Ingredients
4 servings
- •1 teaspoon Schwartz ground cinnamon
- •1 teaspoon Schwartz paprika
- •1 teaspoon ground coriander
- •1 teaspoon black pepper
- •1 teaspoon cumin
- •1 teaspoon salt
- •3 lb chicken thighs
- •4 tablespoons olive oil, divided
- •1 lb baby potato, quartered
- •1 cup cherry tomato, halved
- •½ cup shallot, chopped
- •10 dried apricots, roughly chopped
- •salt
- •black pepper
- •1 lemon, sliced
- •1 tablespoon fresh parsley, chopped
- •¼ cup almond, silvered, toasted
Instructions
- Preheat oven to 190ºC (375ºF).
- Place all of the ingredients for the spice rub in a small bowl and mix to combine.
- Place chicken thighs in a large bowl and coat with the spice rub.
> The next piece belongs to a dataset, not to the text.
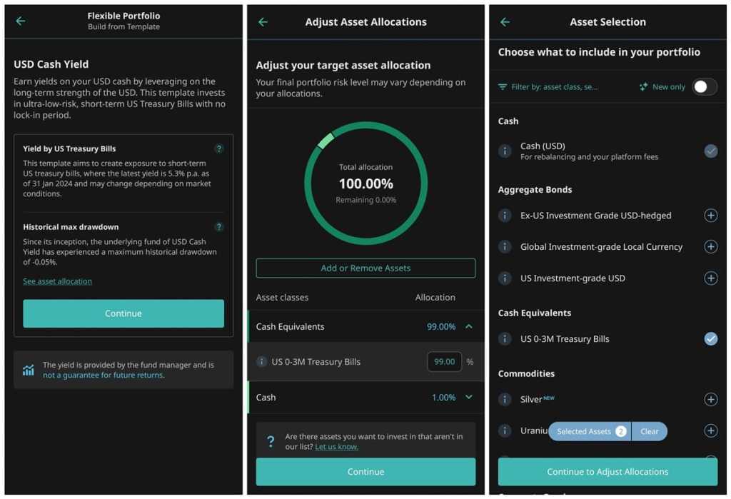 Those who do decide to invest in the USD Cash Yield Portfolio will start with a “template” portfolio, with 99% exposure to short-term US Treasuries. From there, they are free to customise their portfolio by adding or removing from more than 55 asset classes available, since the USD Cash Yield Portfolio is provided as an offering under Flexible Portfolios. You’re also able to adjust the weightage of each asset class according to your preference.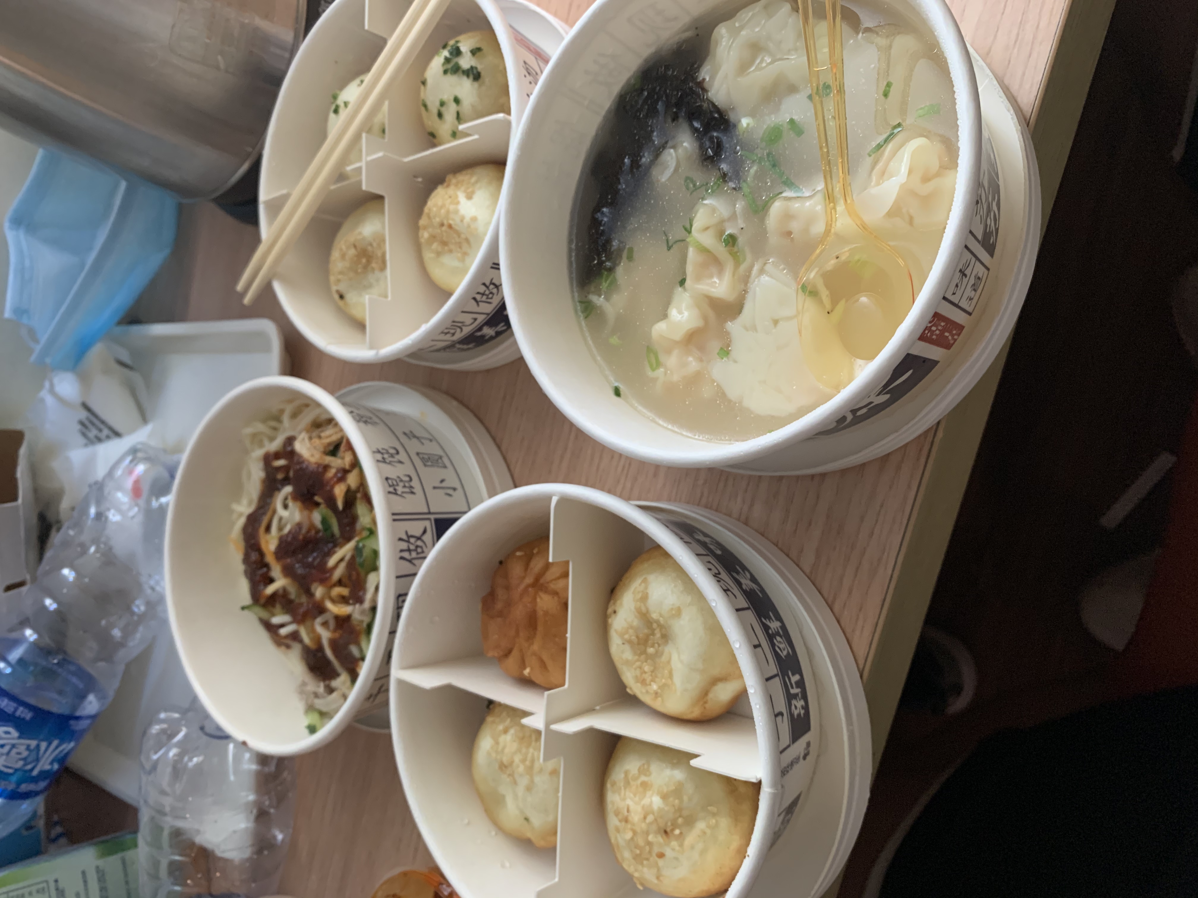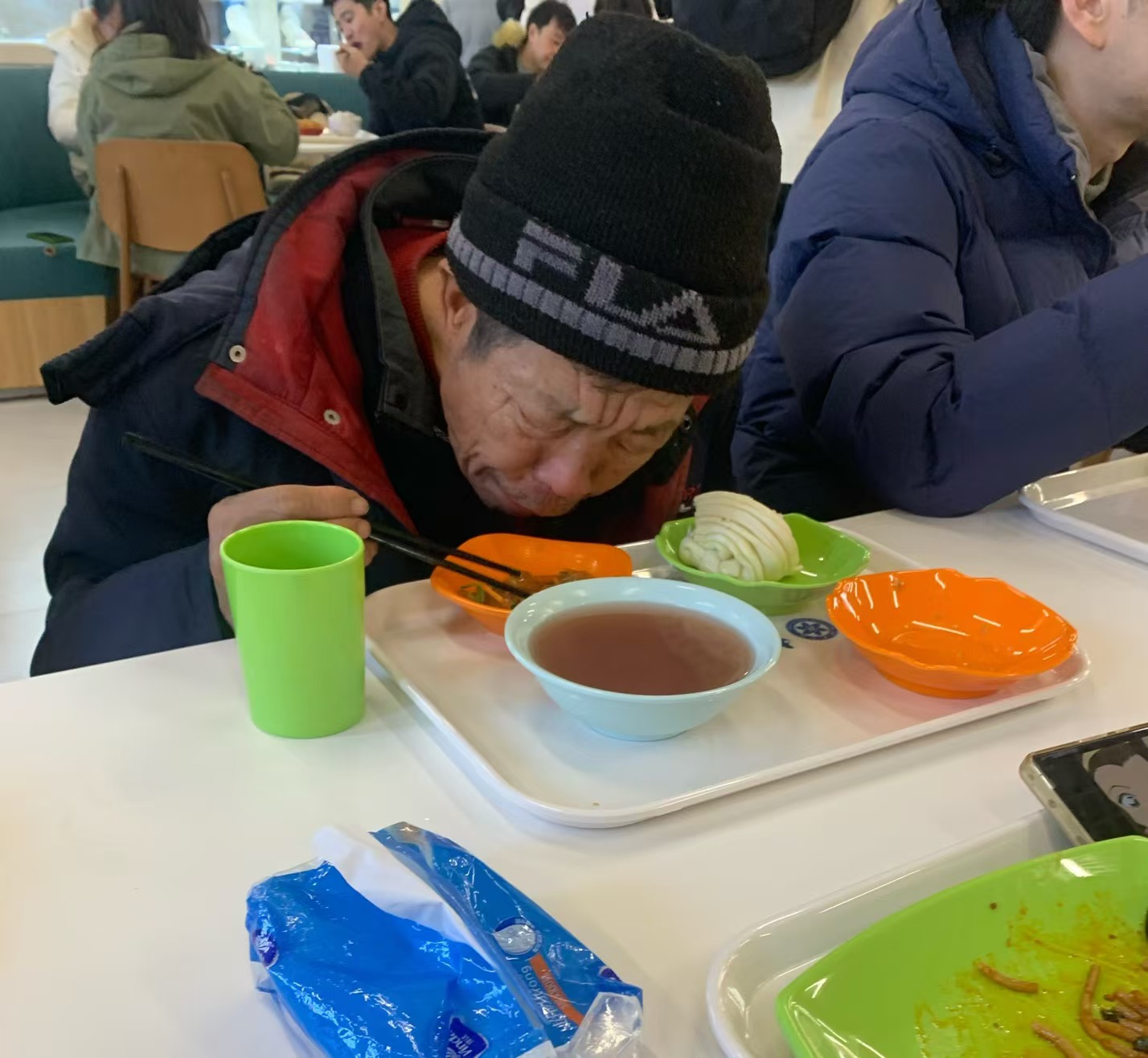 对面的叔叔买了俩馒头和一份一块钱的凉菜,叔叔人很善良,旁边的位置有点脏,每当有人坐那里他都提醒一下。

- Heat a very large cast iron skillet and drizzle in 2 tablespoons of olive oil. 5. Place seasoned chicken thighs skin-side down and cook until the skin is brown and crispy, about 4–5 minutes. Then flip the thighs over and brown the other side for 4 minutes. Remove chicken from the pan.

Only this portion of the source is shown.